Item Pipeline 将数据保存到mongoDB

如果想进行更复杂的操作,如将结果保存到MongoDB数据库中或者筛选某些有用的item,那么可以定义item pipeline来实现

当item生成后,它会自动被送到item pipeline处进行处理,我们可以用item pipeline来做如下操作:

  • 清洗HTML数据
  • 验证爬取数据,检查爬取字段
  • 查重并丢弃重复内容
  • 将爬取结果存储到数据库

要实现item pipeline 很简单,只需要定义一个类并实现process_item方法即可。item pipeline会自动调用这个方法。
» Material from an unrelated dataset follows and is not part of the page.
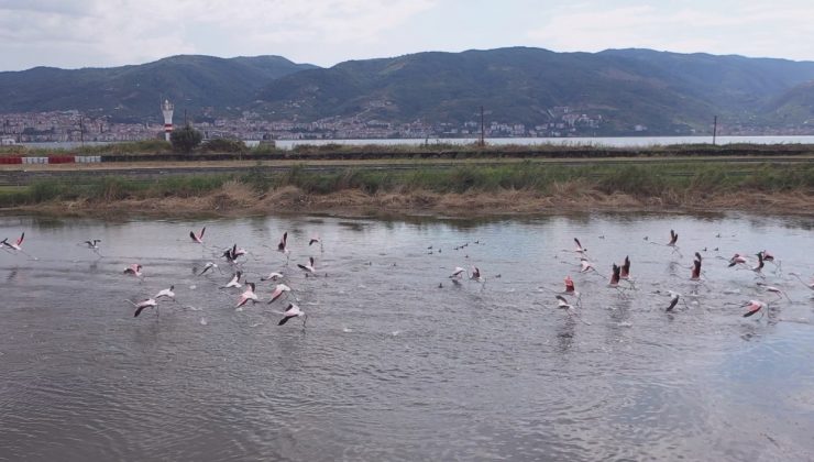 Körfez sahilinde bulunan Fener Gölü’nün misafirleri bu sene de flamingolar oldu.

process_item
方法必须返回包含数据的字典或item对象,或者抛出DropItem异常

process_item 方法有两个参数:

  • item:每次Spider生成的item都会作为参数传递过来
  • spider: 这就是spider实例

以下是实现数据存储到mongo的步骤:

  1. 实现item pipeline class,需要定义在 pipelines.py 文件中:
from scrapy.exceptions import DropItem
import pymongo


class TextPipeline():
    '''
    处理item的属性
    '''

    def __init__(self):
        self.limit = 50

    def process_item(self, item, spider):
        if item['text']:
            if len(item['text']) > self.limit:
                item['text'] = item['text'][0:self.limit].rstrip() + '...'
                return item
        else:
            return DropItem('Missing text')  # 如果不存在抛出DropItem异常


class MongoDBPipeline():
    def __init__(self, connecion, database):
        self.connection = connecion
        self.database = database

    @classmethod
    def from_crawler(cls, crawler):  # 利用crawler 获取全局配置
        return cls(crawler.settings.get('MONGODB_CONNECTION'),
                   crawler.settings.get('MONDB_DATABASE'))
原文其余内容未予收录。